Laura Huby | Portfolio MSc Landscape architect
Contents 01 | Design Strategy & Intervention
Plaszow concentration camp & Quarry
Providing a sustainable landscape framework for the city centre of Hull.
02| The Littoral Landscape 03| IFLA Charette
Restoring cultural & ecological integrity
04 | LIUDD (Low Impact Urban Design and Development)
Using GIS as a tool to design a sustainable subdivision
05| EMILA Workshop
Assessing the landscape for locations appropriate for renewable energy
01
Plaszow has been subject to a vast range of uses within its lifetime, shaping and forming what is left today. Each unique and dramatic life cycle tells a story, many now only half told by the remanence that protrude its currently overgrown condition. It was my intention within this project to restructure the landscape in order to retain and clarify such narratives. The further the walk, the clearer the story becomes, building as a story would, from beginning to end. Using processes such as revealing and concealing within the landscape, the design proposes an implicit approach, creating sense of place reflective of its history that aims to provoke questions and stories of the observer.
Design Strategy & Intervention Plaszow concentration camp & Quarry
02 From 2007 until 2010 ‘Forum for the future’, a company working internationally to provide sustainable development strategies, produced an index ranking twenty of the UK’s biggest cities. Thirteen indicators of environmental performance, quality of life (QOL) and future proofing, measured each city of which Kingston upon Hull ranked bottom every year. This project set the challenge of addressing two primary indicators within the index as part of Hulls current attempts to become a more sustainable city. Providing landscape solutions which worked with the dynamic nature of Hulls tidal river and threats of flooding, was a main driver for the design proposal.
The Littoral Landscape
Providing a sustainable landscape framework for the city centre of Hull.
03 The IFLA conference 2013 held in Auckland focussed upon cultural landscapes. The following project took place in a location thought to be one of the Maori landing spots when they first arrived in New Zealand. A culture complex in its connections to nature which water is at the heart of, this particular area in the past saw the desecration of Maori land. Since then a treaty designating the restoration of such landscapes, now puts pressure to redesign various sites with reference to Maori heritage. This alongside Auckland’s flooding and pollution issues caused by growing urban sprawl, framed a project consisting of complex constraints and design drivers.
IFLA Charette
Restoring cultural & ecological integrity
04
With the expected population growth of half a million people in the next ten years, there is a growing pressure for Auckland expansion and due to current attitude to inner city living and the lack of outdoor space that comes with such dwellings, the council are anticipating expanding urban settlements into green field sites.

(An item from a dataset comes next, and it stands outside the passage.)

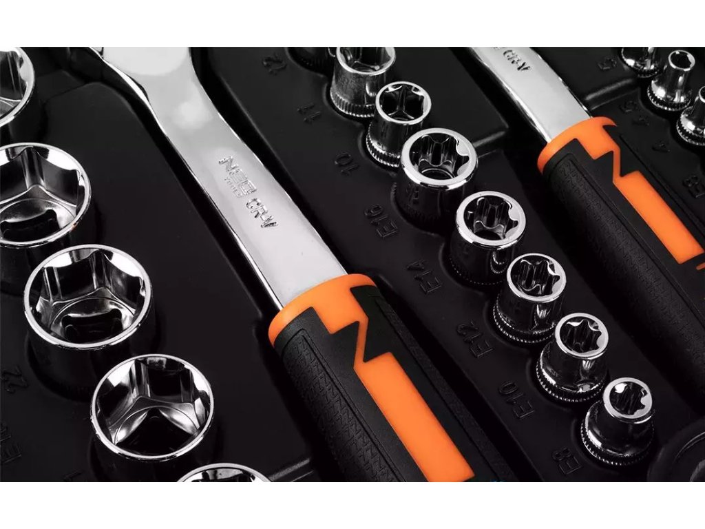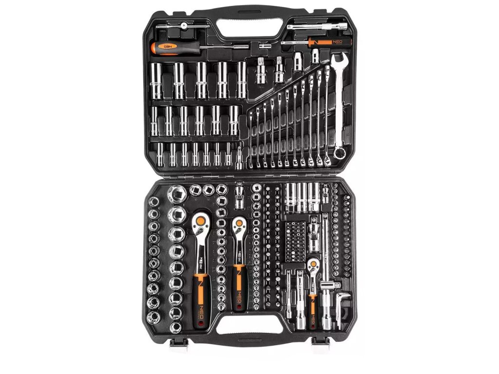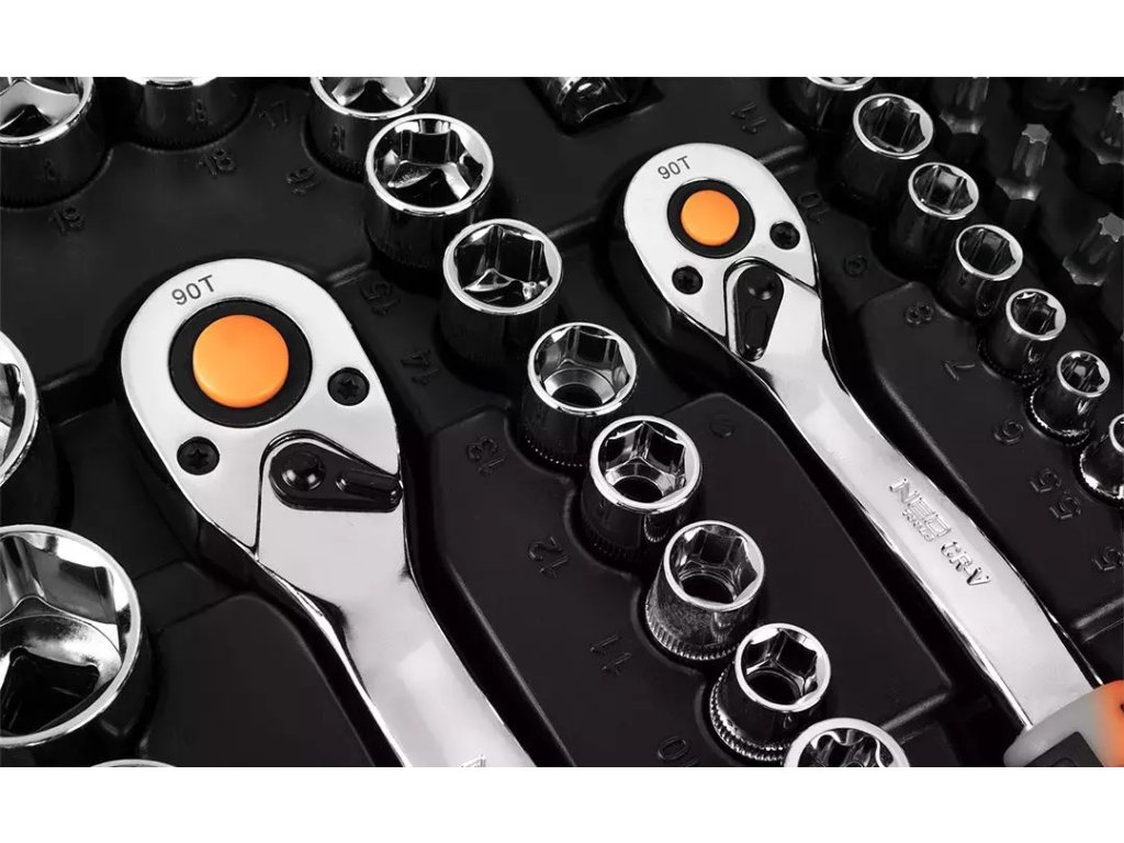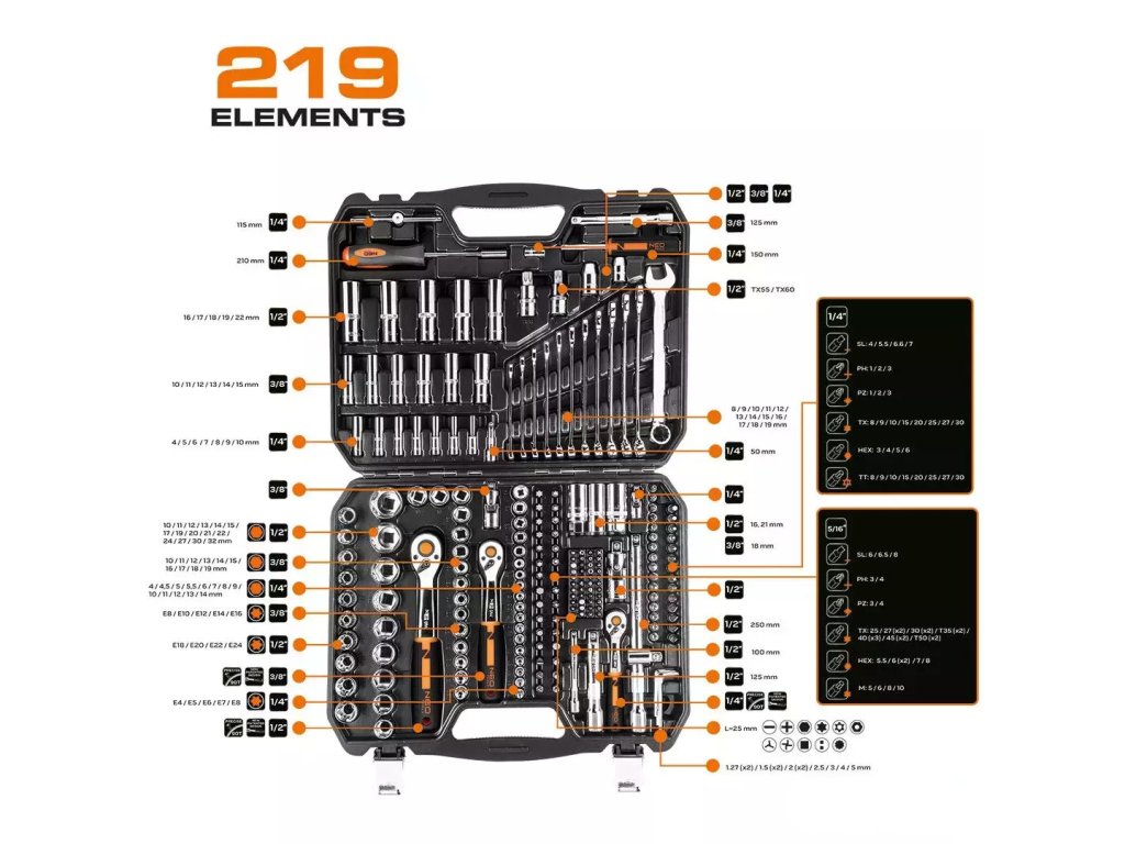 Gola sada s nářadím v metrických rozměrech, vodicí čtyřhrany 1/4", 3/8" a 1/2", 219 dílů v plastovém kufru s kovovými přezkami – NEO tools 10-076.

A three part subdivision development proposal, presented the task of developing a sustainable settlement that would have minimal impact on the existing landscape. Using low impact urban design and development (LIUDD) strategies, such as working with natural water catchments and topography, I developed a proposal determined primarily by existing ecologies. In order to do so on such a large scale it was necessary to use various GIS data to construct a constraints map and identify areas suitable for urban development or retired areas such as native bush and riparian corridors.
LIUDD (Low Impact Urban Design and Development) Using GIS as a tool to design a sustainable subdivision
05
The EMILA (European masters in Landscape Architecture) summer school workshop presented the rare opportunity of working with a range of graduates from around the world to discuss the issue of introducing renewable energy sources into a sensitive landscape. The EU 2020 agenda of providing renewable energy for Grand Paris, raises the issue as to where and how such energy production is to be intergrated into the landscape. Within ten days we were to produce a large scale master plan for Haute Normandie, identifying areas with potential for locating renewable enegry resources. Cultural constraints such as close masures, a traditional farmland formation unique to this paticular area in France, presented the task of being sensitive with location and the type of renewable energy proposed.